## Source data
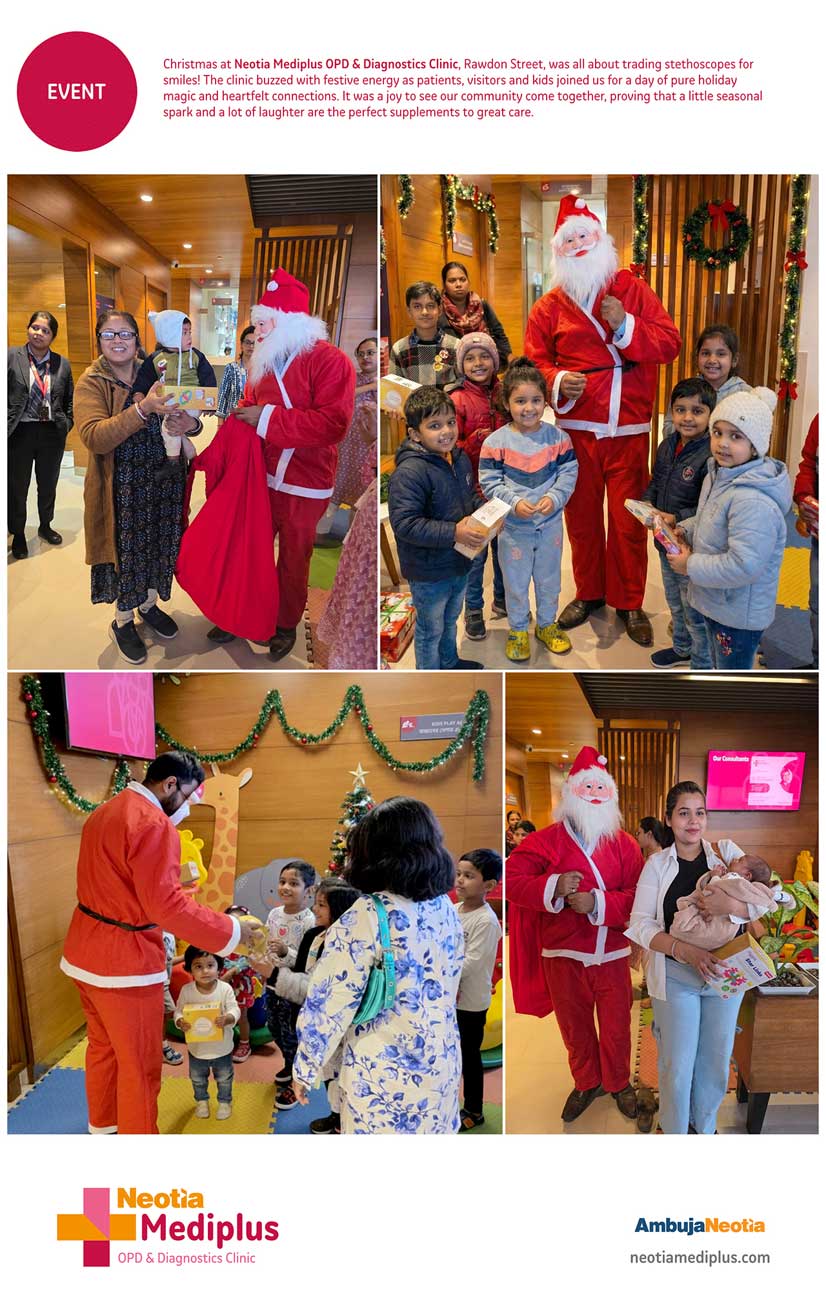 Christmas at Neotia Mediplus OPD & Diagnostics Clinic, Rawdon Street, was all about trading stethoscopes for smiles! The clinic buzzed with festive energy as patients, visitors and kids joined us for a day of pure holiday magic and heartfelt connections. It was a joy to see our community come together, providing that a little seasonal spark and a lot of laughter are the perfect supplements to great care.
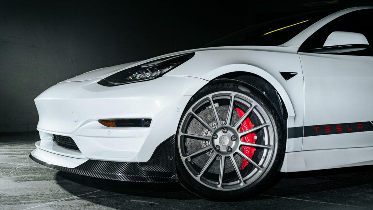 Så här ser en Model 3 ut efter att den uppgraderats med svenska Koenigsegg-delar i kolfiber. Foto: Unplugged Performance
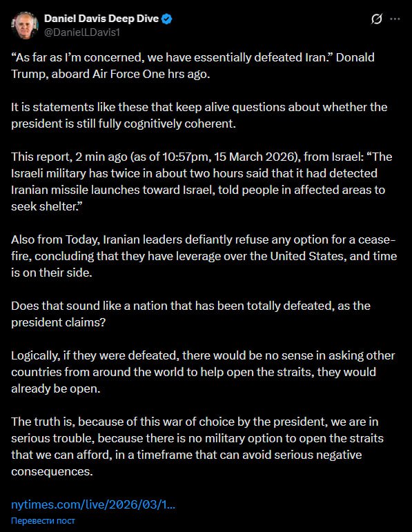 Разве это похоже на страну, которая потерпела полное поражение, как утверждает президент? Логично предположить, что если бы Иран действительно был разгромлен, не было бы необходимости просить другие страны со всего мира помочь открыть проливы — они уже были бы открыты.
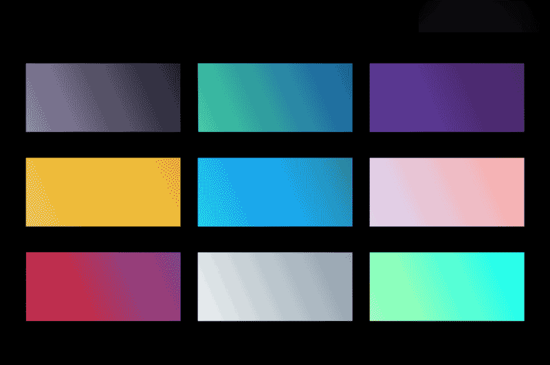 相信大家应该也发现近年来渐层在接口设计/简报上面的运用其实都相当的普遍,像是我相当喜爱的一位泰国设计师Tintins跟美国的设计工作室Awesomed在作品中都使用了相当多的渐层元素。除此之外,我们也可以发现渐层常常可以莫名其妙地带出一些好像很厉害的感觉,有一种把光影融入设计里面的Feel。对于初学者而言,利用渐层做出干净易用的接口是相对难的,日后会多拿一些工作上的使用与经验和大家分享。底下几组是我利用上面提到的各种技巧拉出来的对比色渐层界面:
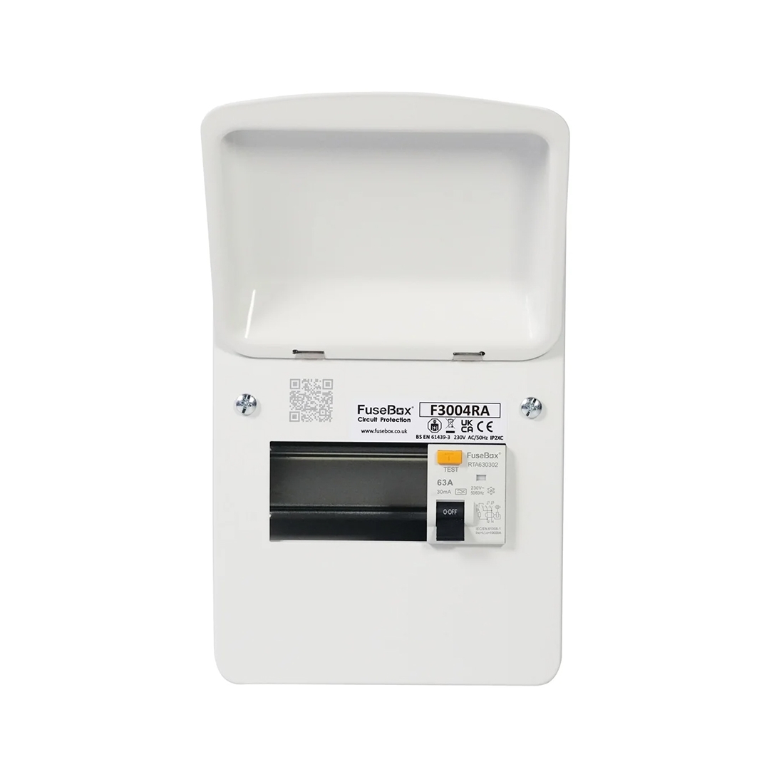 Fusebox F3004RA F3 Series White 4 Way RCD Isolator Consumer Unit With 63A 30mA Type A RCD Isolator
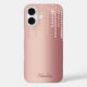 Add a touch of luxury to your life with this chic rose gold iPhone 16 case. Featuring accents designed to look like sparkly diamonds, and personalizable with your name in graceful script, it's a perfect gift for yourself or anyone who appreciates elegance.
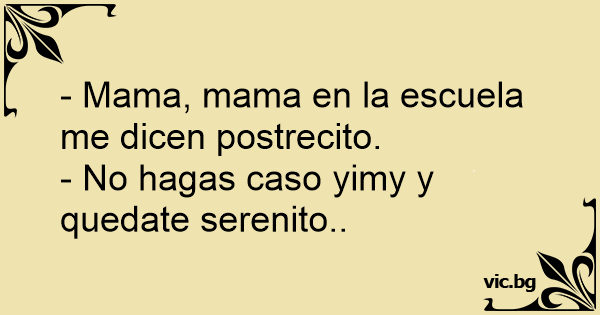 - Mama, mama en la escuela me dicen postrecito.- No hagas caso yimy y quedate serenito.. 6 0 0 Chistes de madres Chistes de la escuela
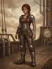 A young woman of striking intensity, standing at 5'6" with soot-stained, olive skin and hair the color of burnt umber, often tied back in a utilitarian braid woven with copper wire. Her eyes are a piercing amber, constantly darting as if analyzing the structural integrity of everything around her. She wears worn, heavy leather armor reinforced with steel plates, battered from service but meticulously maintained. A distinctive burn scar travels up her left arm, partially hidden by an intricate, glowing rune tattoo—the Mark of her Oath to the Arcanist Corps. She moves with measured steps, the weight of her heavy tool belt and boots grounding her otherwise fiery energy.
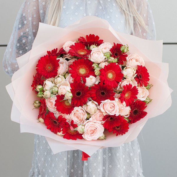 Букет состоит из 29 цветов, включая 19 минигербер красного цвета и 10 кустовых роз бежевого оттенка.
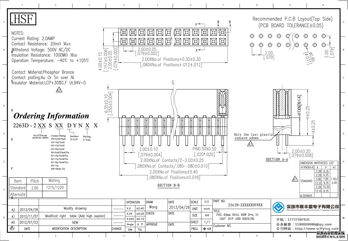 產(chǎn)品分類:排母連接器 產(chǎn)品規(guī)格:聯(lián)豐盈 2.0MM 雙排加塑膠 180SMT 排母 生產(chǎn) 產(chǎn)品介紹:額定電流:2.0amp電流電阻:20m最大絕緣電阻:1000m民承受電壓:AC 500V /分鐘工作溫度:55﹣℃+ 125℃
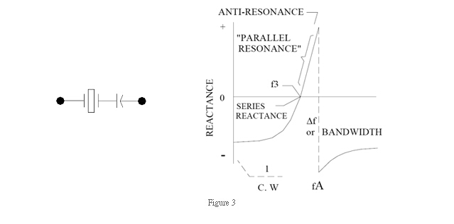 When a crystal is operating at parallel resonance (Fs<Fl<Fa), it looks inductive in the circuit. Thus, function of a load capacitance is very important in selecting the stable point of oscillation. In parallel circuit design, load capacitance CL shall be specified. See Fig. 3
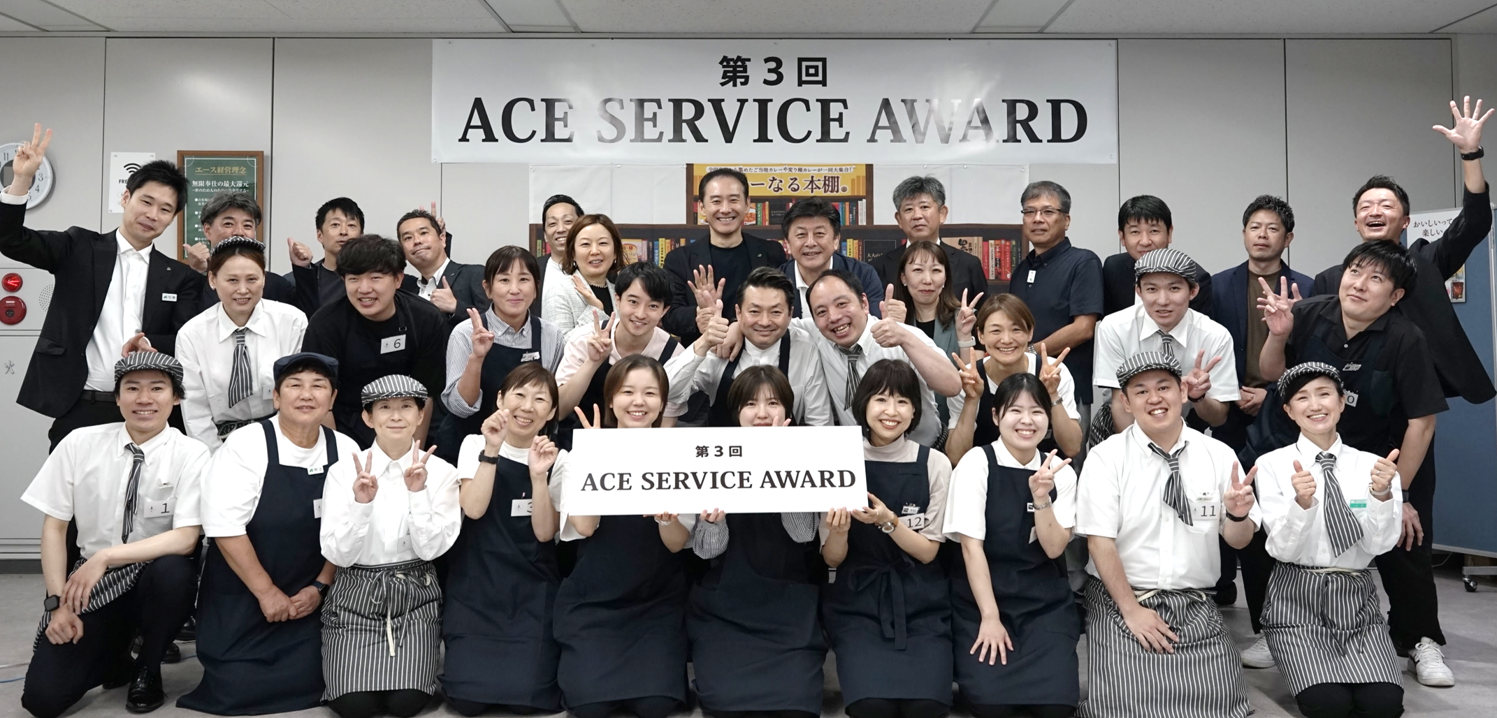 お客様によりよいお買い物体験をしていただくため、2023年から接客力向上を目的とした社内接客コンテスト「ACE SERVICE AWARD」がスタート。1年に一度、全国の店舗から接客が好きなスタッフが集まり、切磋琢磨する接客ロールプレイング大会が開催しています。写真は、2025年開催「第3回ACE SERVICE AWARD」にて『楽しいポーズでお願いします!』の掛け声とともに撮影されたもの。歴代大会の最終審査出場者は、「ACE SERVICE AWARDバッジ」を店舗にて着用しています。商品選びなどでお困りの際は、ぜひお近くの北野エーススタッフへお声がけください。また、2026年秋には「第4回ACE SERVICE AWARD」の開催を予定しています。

## Instructions to follow
What should come back is an exact copy of the lines above from the line with "Så här ser en" to the line with "Fusebox F3004RA F3", both included, minus the pictures.

## Response to the exercise
 Så här ser en Model 3 ut efter att den uppgraderats med svenska Koenigsegg-delar i kolfiber. Foto: Unplugged Performance
 Разве это похоже на страну, которая потерпела полное поражение, как утверждает президент? Логично предположить, что если бы Иран действительно был разгромлен, не было бы необходимости просить другие страны со всего мира помочь открыть проливы — они уже были бы открыты.
 相信大家应该也发现近年来渐层在接口设计/简报上面的运用其实都相当的普遍,像是我相当喜爱的一位泰国设计师Tintins跟美国的设计工作室Awesomed在作品中都使用了相当多的渐层元素。除此之外,我们也可以发现渐层常常可以莫名其妙地带出一些好像很厉害的感觉,有一种把光影融入设计里面的Feel。对于初学者而言,利用渐层做出干净易用的接口是相对难的,日后会多拿一些工作上的使用与经验和大家分享。底下几组是我利用上面提到的各种技巧拉出来的对比色渐层界面:
 Fusebox F3004RA F3 Series White 4 Way RCD Isolator Consumer Unit With 63A 30mA Type A RCD Isolator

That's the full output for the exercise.